More about HKUST
Efficient and Accessible Systems for Machine Learning: From Clusters to Jobs
PhD Thesis Proposal Defence
Title: "Efficient and Accessible Systems for Machine Learning: From Clusters
to Jobs"
by
Mr. Kaiqiang XU
Abstract:
Large-scale machine learning (ML) computing for AI involves highly
distributed, parallelized workloads with intricate patterns. Efficiently
managing and executing these workloads using existing computing abstractions
and mechanisms presents significant challenges to underlying systems. To
address these complexities and optimize performance, specialized ML systems
are designed to meet the unique demands of ML computing.

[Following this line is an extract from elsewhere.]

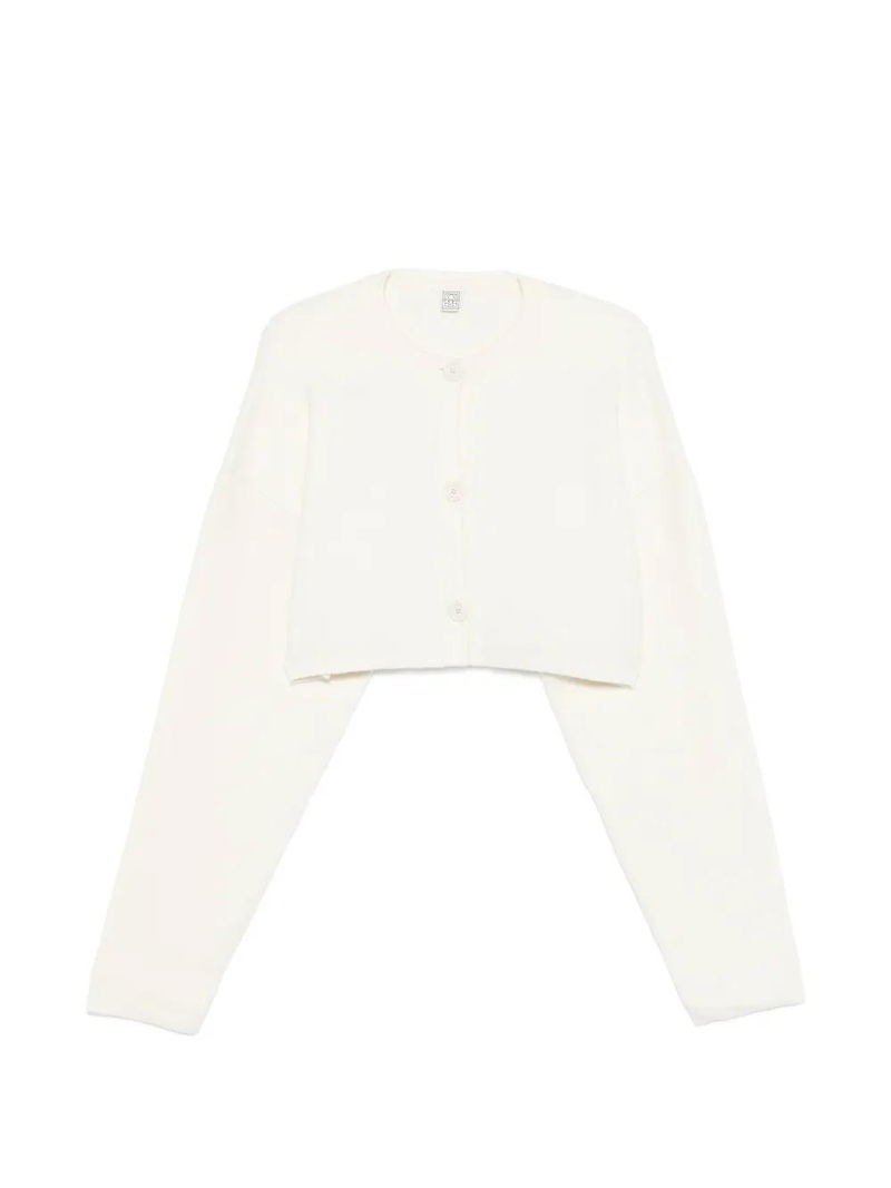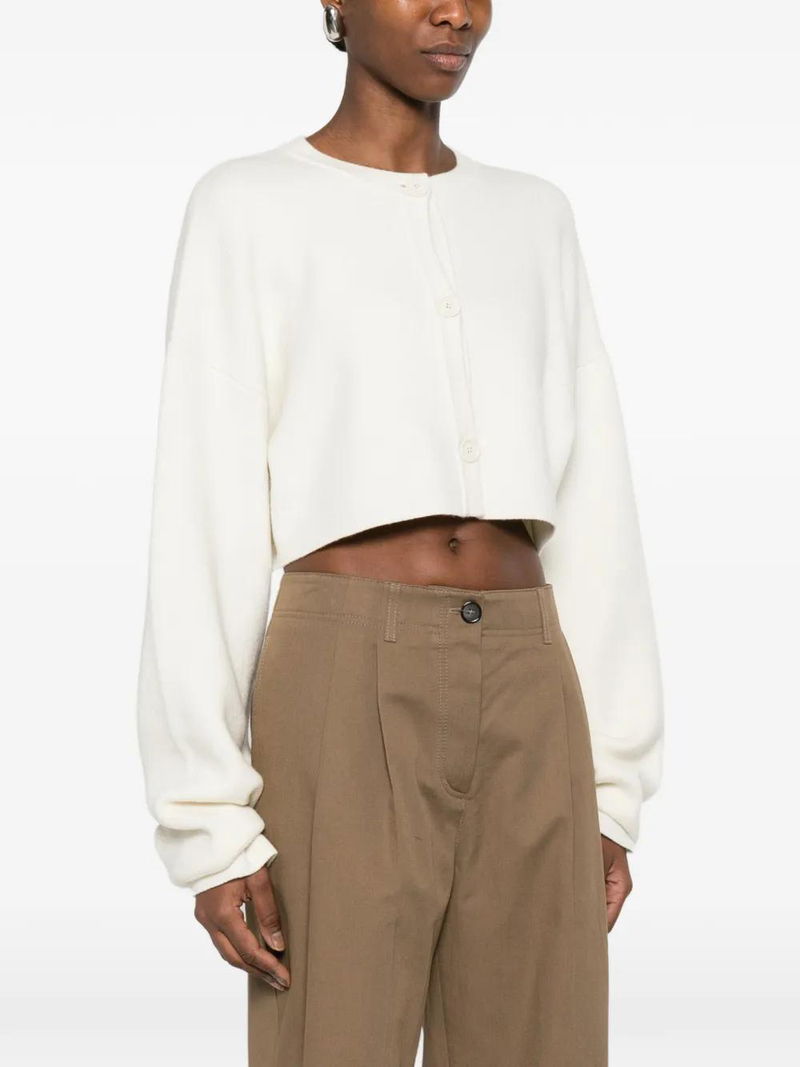 Beige, button fastening, cropped style, round neck, long sleeves.
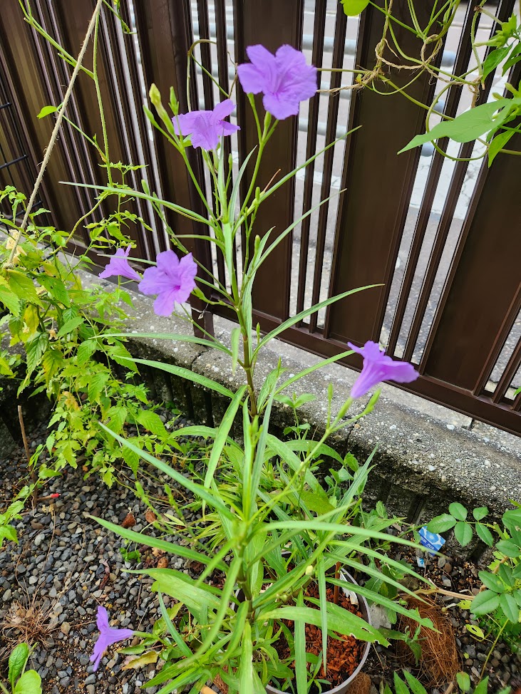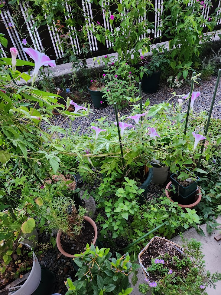 鉢植えの昼顔はピンク色で華やぐ。朝起きてウキウキする。2週間前に格安で買った鉢植えパープルシャワーも朝早くから咲いてオシロイバナが開花する頃には自然に花が散っている。手間がかからない。店主の言うとおりだった。「これは今から秋まで咲くよ」

This paper explores my research in ML systems from two key perspectives:
cluster-level multi-job orchestration and individual job efficiency. At the
cluster-level, SING introduces a full-stack GPU cluster management
architecture that optimizes ML job scheduling and execution in shared
multi-tenant environments, enhancing usability and fairness while mitigating
resource underutilization. Complementing this, GREEN presents a
carbon-efficient ML cluster scheduler that dynamically aligns workloads with
greener energy periods, effectively balancing job completion times and carbon
emissions without compromising cluster-wide performance. At the individual
job level, Sequoia optimizes secure distributed data processing for ML with
an extensible compiler framework, and efficiently schedules execution across
data owners, reducing both programming complexity and execution time.
Meanwhile, G3 introduces a scalable distributed system for graph neural
network training, employing hybrid parallelism, locality-aware partitioning,
and multi-level pipeline to enable efficient full-graph training on
billion-edge graphs.
The new abstractions, parallelization strategies, and resource scheduling
algorithms introduced in this dissertation address the increasing complexity
of ML workloads and the constraints of existing infrastructure. By improving
the efficiency and accessibility of ML systems, this research lay a
foundation for the wider adoption of AI technologies.
Date: Monday, 9 December 2024
Time: 2:00pm - 4:00pm
Venue: Room 3494
Lifts 25/26
Committee Members: Prof. Kai Chen (Supervisor)
Prof. Qiong Luo (Chairperson)
Dr. Yangqiu Song
Dr. Binhang Yuan